Lefamulin

Clinical data
- Trade names: Xenleta
- Other names: BC-3781
- AHFS/Drugs.com: Monograph
- License data: US DailyMed: Lefamulin;
- Routes of administration: Intravenous, by mouth
- ATC code: J01XX12 (WHO) ;

Legal status
- Legal status: CA: ℞-only; US: ℞-only; EU: Rx-only;

Identifiers
- IUPAC name (1S,2R,3S,4S,6R,7R,8R,14R)-3-Hydroxy-2,4,7,14-tetramethyl-9-oxo-4-vinyltricyclo[5.4.3.0^{1,8}]tetradec-6-yl {[(1R,2R,4R)-4-amino-2-hydroxycyclohexyl]sulfanyl}acetate;
- CAS Number: 1061337-51-6;
- PubChem CID: 25185057;
- DrugBank: DB12825;
- ChemSpider: 32701544;
- UNII: 21904A5386;
- KEGG: D11631;
- ChEMBL: ChEMBL3291398;
- CompTox Dashboard (EPA): DTXSID101027896 ;

Chemical and physical data
- Formula: C_{28}H_{45}NO_{5}S
- Molar mass: 507.73 g·mol^{−1}
- 3D model (JSmol): Interactive image;
- SMILES C[C@@H]1CC[C@@]23CCC(=O)[C@H]2[C@@]1([C@@H](C[C@@]([C@H]([C@@H]3C)O)(C)C=C)OC(=O)CS[C@@H]4CC[C@H](C[C@H]4O)N)C;
- InChI InChI=1S/C28H45NO5S/c1-6-26(4)14-22(34-23(32)15-35-21-8-7-18(29)13-20(21)31)27(5)16(2)9-11-28(17(3)25(26)33)12-10-19(30)24(27)28/h6,16-18,20-22,24-25,31,33H,1,7-15,29H2,2-5H3/t16-,17+,18-,20-,21-,22-,24+,25+,26-,27+,28+/m1/s1; Key:KPVIXBKIJXZQJX-FCEONZPQSA-N;

= Lefamulin =

Chemical compound

Lefamulin, sold under the brand name Xenleta, is an antibiotic medication used to treat adults with community-acquired bacterial pneumonia. It is taken by mouth or by injection into a vein.

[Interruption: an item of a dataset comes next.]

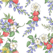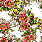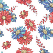 Płynny wzór z ręcznie rysowane kolorowe rumianki, dzwonki i liście na białym tle

Relatively common side effects include diarrhea, nausea, pain at the site of injection, and liver inflammation. It is a pleuromutilin antibiotic that inhibits the large subunit of bacterial ribosomes.

Lefamulin was approved for medical use in the United States in August 2019, and in the European Union in July 2020.

==Medical uses==
Lefamulin is used to treat adults with community-acquired bacterial pneumonia. It was also investigated for treatment of acute bacterial skin and skin-structure infections (ABSSSI).

===Spectrum of activity===
Lefamulin has in vitro activity against Streptococcus pneumoniae, viridans group Streptococci, Moraxella catarrhalis, Enterococcus faecium, methicillin-resistant Staphylococcus aureus (MRSA), among other bacteria.

==History==
It was developed by Nabriva Therapeutics and approved in the United States in 2019. It was granted fast track status by the US Food and Drug Administration (FDA) in 2014. Although pleuromutilin antibiotics were first developed in the 1950s, lefamulin is the first to be used for systemic treatment of bacterial infections in humans.

== Society and culture ==
=== Legal status ===
Lefamulin was approved for medical use in the United States in August 2019, and in the European Union in July 2020.